* **Listed records**
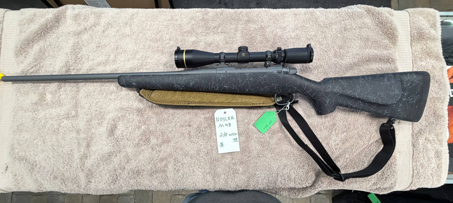 Preowned Nosler M48 Trophy Grade Rifle 270 in Like New Condition. Comes with a Leupold VX3 Scope.
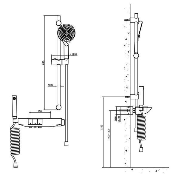 - Đường kính ngoài của vòi sen cầm tay: φ120 mm
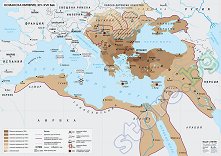 Характеристики: географска мрежа; държави; османски завоевания и османски васални територии от XIV до XVII век; държавни граници към края на XVII век; граница на Османската империя след договора от 1699 г.; граници на владения на Хабсбургите преди мирния договор, важни битки, обсади, превземания на селища, договори; столици и градове; хидрография; надписи на хидрография, държави, историко-географски области и други; легенда. Картата е двустранно ламинирана. Изработена е от винил с пластмасови лайсни в долния и горния край и шнур на горната лайсна за окачване на картата. Размерите на стенната карта са 140 x ... |
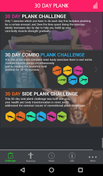 De 30 Day Plank Challenge is een gebruiksvriendelijke app die gebruikers helpt hun core-spieren te versterken door een gestructureerd 30 dagen durend plankoefenprogramma. Elke dag moeten gebruikers een bepaalde tijd in de plankpositie doorbrengen, waarbij de intensiteit geleidelijk toeneemt. De app biedt begeleidende teksten en video's voor de oefeningen, en gebruikers kunnen hun voortgang eenvoudig exporteren en importeren. Daarnaast zijn er recepten voor fitness, en de mogelijkheid om rustdagen te markeren en workouts te plannen.
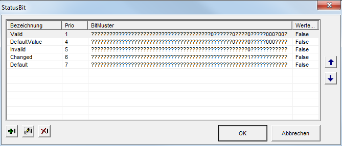 Eine Liste der definierten Statusbits und deren Bedeutung ist in der Abbildung dargestellt. Bei der Auswertung der Daten wird die Liste der Bitmuster von oben nach unten bis zur ersten Fundstelle durchsucht. Diese Formatierung wird dann auf die Zelle angewendet. Sinnvollerweise sollen häufig zu erwartende Bitmuster (z.B. "gültig") möglichst oben in der Liste stehen.
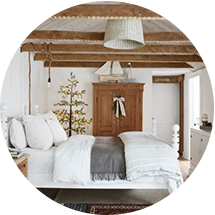 Spalnice v rustikalnem stilu so kombinacija naravnih barv in materialov. Poiščite navdih v naravi ali na podeželju. Romantičen in obenem elegantni stil se vrača nazaj h koreninam. Priskrbite si masivno posteljo z nočnimi omaricami in cel interier dopolnite z dodelanimi dodatki. Posteljnino s cvetličnimi motivi, karirastim vzorcem ali črtami dopolnite z rjuho in dekorativnimi vzglavniki v naravnih tonih. Udoben izgled bo v spalnici ustvarila deka, razgrnjena preko postelje in težke zavese.

* **Your objective**
Give back the records above exactly, with no pictures.

* **Exercise answer**
 Preowned Nosler M48 Trophy Grade Rifle 270 in Like New Condition. Comes with a Leupold VX3 Scope.
 - Đường kính ngoài của vòi sen cầm tay: φ120 mm
 Характеристики: географска мрежа; държави; османски завоевания и османски васални територии от XIV до XVII век; държавни граници към края на XVII век; граница на Османската империя след договора от 1699 г.; граници на владения на Хабсбургите преди мирния договор, важни битки, обсади, превземания на селища, договори; столици и градове; хидрография; надписи на хидрография, държави, историко-географски области и други; легенда. Картата е двустранно ламинирана. Изработена е от винил с пластмасови лайсни в долния и горния край и шнур на горната лайсна за окачване на картата. Размерите на стенната карта са 140 x ... |
 De 30 Day Plank Challenge is een gebruiksvriendelijke app die gebruikers helpt hun core-spieren te versterken door een gestructureerd 30 dagen durend plankoefenprogramma. Elke dag moeten gebruikers een bepaalde tijd in de plankpositie doorbrengen, waarbij de intensiteit geleidelijk toeneemt. De app biedt begeleidende teksten en video's voor de oefeningen, en gebruikers kunnen hun voortgang eenvoudig exporteren en importeren. Daarnaast zijn er recepten voor fitness, en de mogelijkheid om rustdagen te markeren en workouts te plannen.
 Eine Liste der definierten Statusbits und deren Bedeutung ist in der Abbildung dargestellt. Bei der Auswertung der Daten wird die Liste der Bitmuster von oben nach unten bis zur ersten Fundstelle durchsucht. Diese Formatierung wird dann auf die Zelle angewendet. Sinnvollerweise sollen häufig zu erwartende Bitmuster (z.B. "gültig") möglichst oben in der Liste stehen.
 Spalnice v rustikalnem stilu so kombinacija naravnih barv in materialov. Poiščite navdih v naravi ali na podeželju. Romantičen in obenem elegantni stil se vrača nazaj h koreninam. Priskrbite si masivno posteljo z nočnimi omaricami in cel interier dopolnite z dodelanimi dodatki. Posteljnino s cvetličnimi motivi, karirastim vzorcem ali črtami dopolnite z rjuho in dekorativnimi vzglavniki v naravnih tonih. Udoben izgled bo v spalnici ustvarila deka, razgrnjena preko postelje in težke zavese.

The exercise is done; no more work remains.